"Why are you looking at me so anxiously, Elaine?" he asked, assuming a casual tone of voice.
"It is because of Captain Cherriton, Bernard; he has been here to-day, and has been asking questions about you."
"What sort of questions?" John asked quickly.
"He asked me if you had been at Heatherpoint Fort lately. He himself has been down at the Isle of Wight and he appears to have found out something about you that disturbs him terribly."
John made the best effort he could to play his difficult part.
"Well, Elaine?" he questioned, "did Captain Cherriton tell you the particular cause of his disturbance?" He was smiling slightly as he spoke, treating the matter airily. Nevertheless, inwardly he was deeply perturbed. If Cherriton suspected him, and communicated his suspicions to Voules and his confederates, John knew that the position for himself would be one of infinite peril. He had experienced one fortuitous escape from discovery owing to the interception of "Crumbs's" letter to Voules, but he could hardly hope that fortune would again favour him.
He questioned Elaine closely, and learned that Cherriton had definitely heard of his presence at Heatherpoint Fort at a time when he was supposed to be working in the interest of Voules. This knowledge, John knew, would confirm all Cherriton's suspicions the minute it was discovered that "Crumbs" had been trapped and had vanished from the fort.
However, it was not in John's nature to meet trouble half-way, and for the present he was happy to be in Elaine's radiant company. Elaine, for her part, had much to say to him; in the first place, she detailed all that had occurred in an interview she had had with Dacent Smith. The great man had treated her with marked courtesy, and had, without revealing John's true identity, enlisted her services in much the same manner as Mrs. Beecher Monmouth acted for his adversaries, Voules, Cherriton, Manwitz, and company. Elaine had undertaken the work in the idea that she could thus protect from danger the man she loved, whose name she believed she bore.

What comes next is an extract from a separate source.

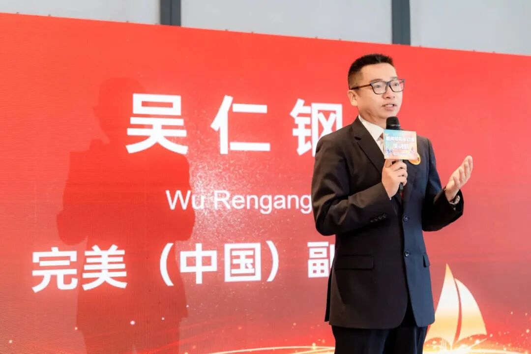 完美公司副总裁兼业务市场中心总经理吴仁钢作开场寄语。他点明了在AI时代背景下以人为核心展业的重要性和稳定性,引发对行业本质的思考。他还提出一个有价值的公式:“感知价值=产品力×影响力(表达力)”,清晰阐述了产品力、表达力与感知价值之间的关系,并鼓励学员们“把表达力练得更好,影响更多的人,将自己内在真正的价值展现出来”。

John listened to her narrative with the deepest interest, and gradually the wonderful subtlety of Dacent Smith made itself manifest. The great man had promised to relieve him of his awkward predicament in regard to Elaine, and the manner in which he had accomplished his promise was simplicity itself. Elaine was to permit—within limits—the advances of Cherriton, and was to pretend to keep her "husband" at a distance! The neatness of this plan filled John with admiration. He felt instantly much freer with Elaine. The delicate moment when she had offered to resume marital relations with him would not immediately occur again.
For some minutes after Elaine had ceased speaking John held silence—a doubt had come to him.